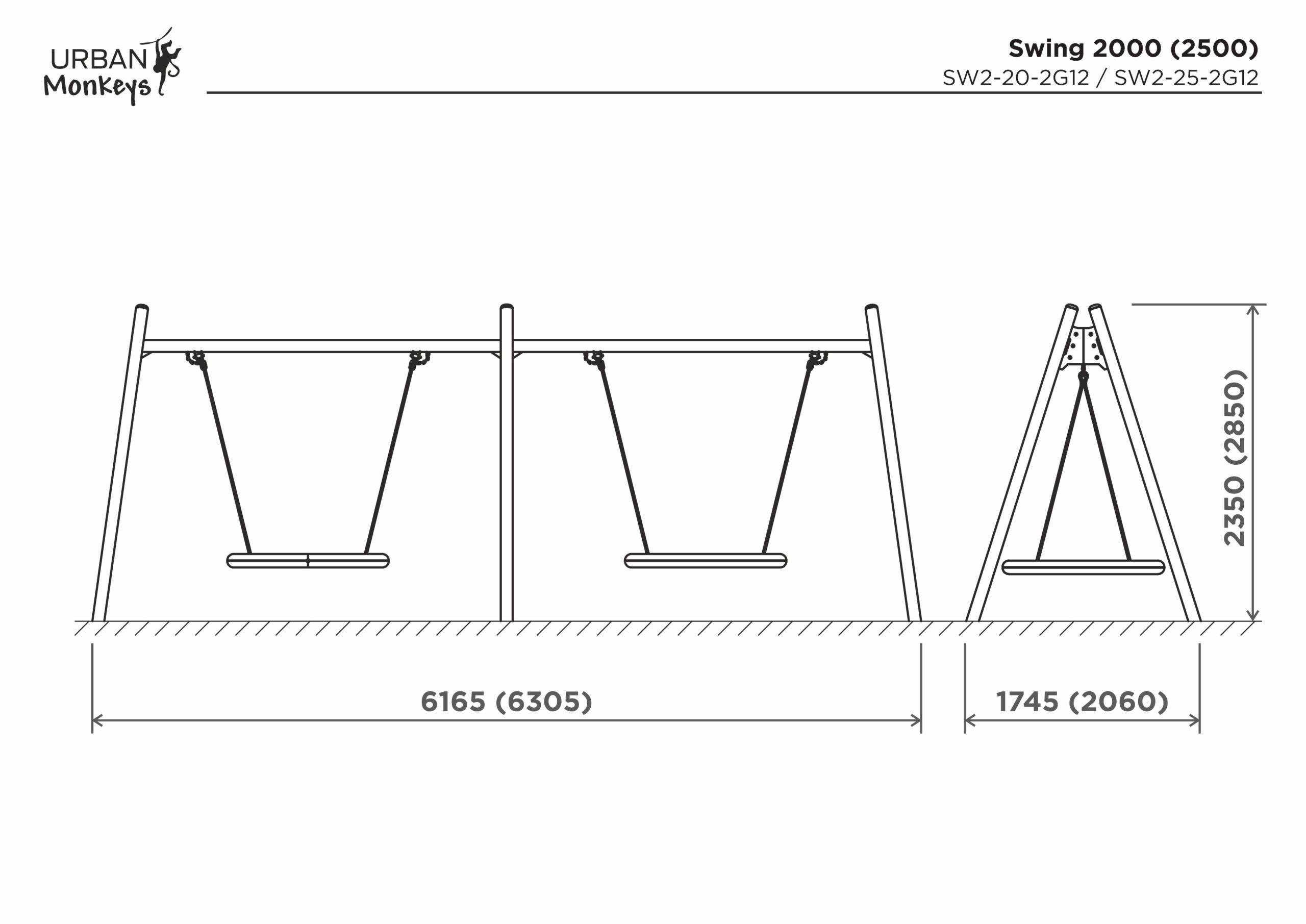 Sūpynės su dviem „Nest“ sėdynėmis 1200 mm (aukštis – 2500 mm)
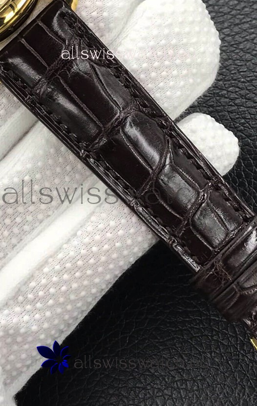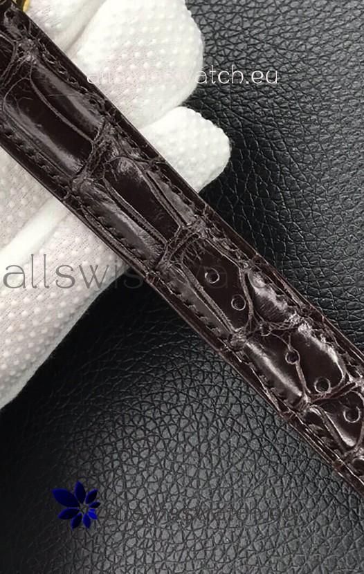 Genuine Leather Strap with Rose Gold Plated Steel Tang Buckle complete with Patek Philippe Markings/Engravings
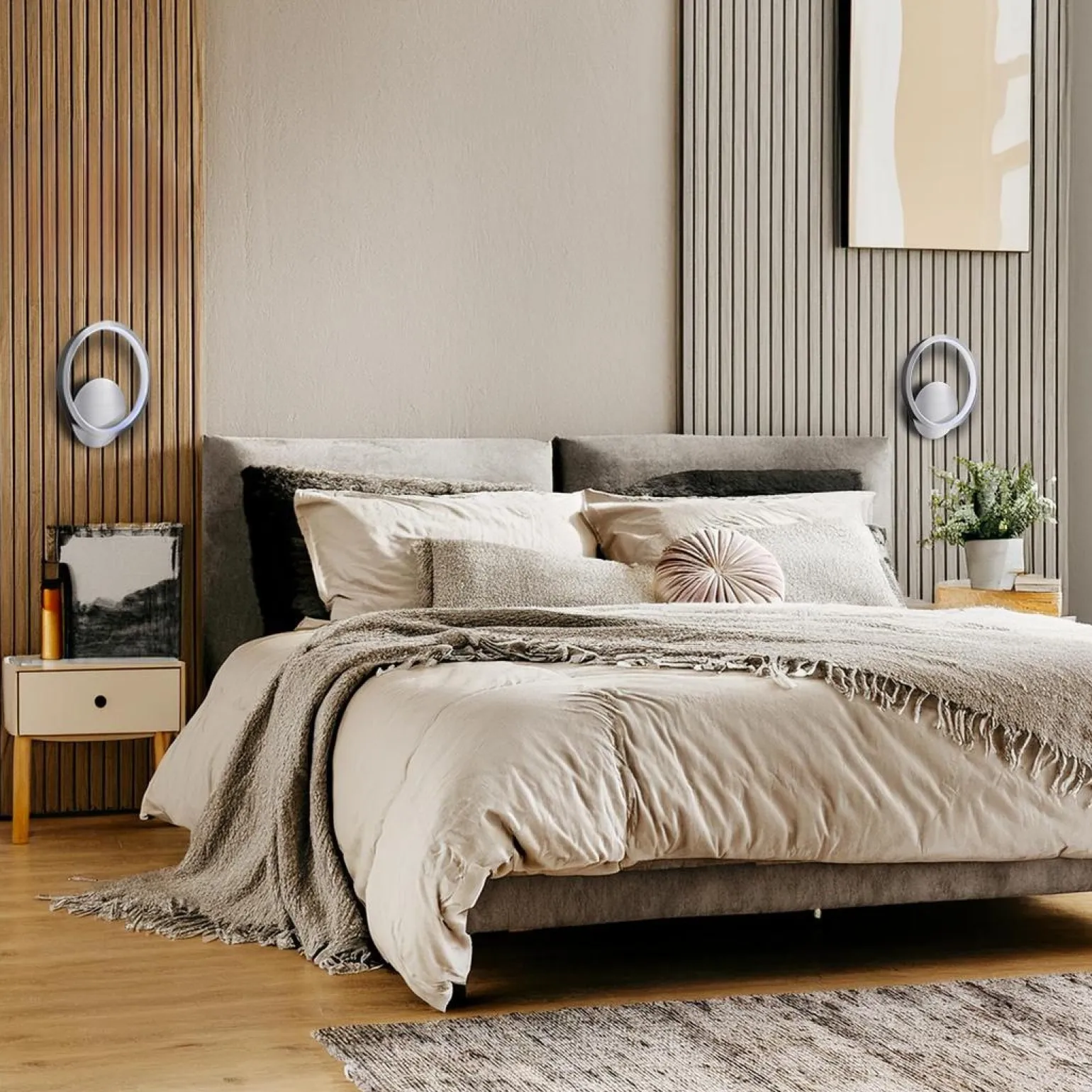 Podczas wyboru oświetlenia do sypialni warto zwrócić uwagę na kinkiety sypialniane, które pełnią nie tylko funkcję praktyczną, ale także estetyczną. Kinkiet HOOP CHROME to propozycja dla tych, którzy cenią sobie styl i nowoczesne rozwiązania. Jego delikatne formy i świetlne pierścienie tworzą wyjątkową grę światła, która zmienia charakter każdego wnętrza, wprowadzając do niego przytulność oraz elegancję.

★ ★ ★ ★ ★

Are you able to set down all the lines above exactly, without any pictures?

• OUTPUT:
 Sūpynės su dviem „Nest“ sėdynėmis 1200 mm (aukštis – 2500 mm)
 Genuine Leather Strap with Rose Gold Plated Steel Tang Buckle complete with Patek Philippe Markings/Engravings
 Podczas wyboru oświetlenia do sypialni warto zwrócić uwagę na kinkiety sypialniane, które pełnią nie tylko funkcję praktyczną, ale także estetyczną. Kinkiet HOOP CHROME to propozycja dla tych, którzy cenią sobie styl i nowoczesne rozwiązania. Jego delikatne formy i świetlne pierścienie tworzą wyjątkową grę światła, która zmienia charakter każdego wnętrza, wprowadzając do niego przytulność oraz elegancję.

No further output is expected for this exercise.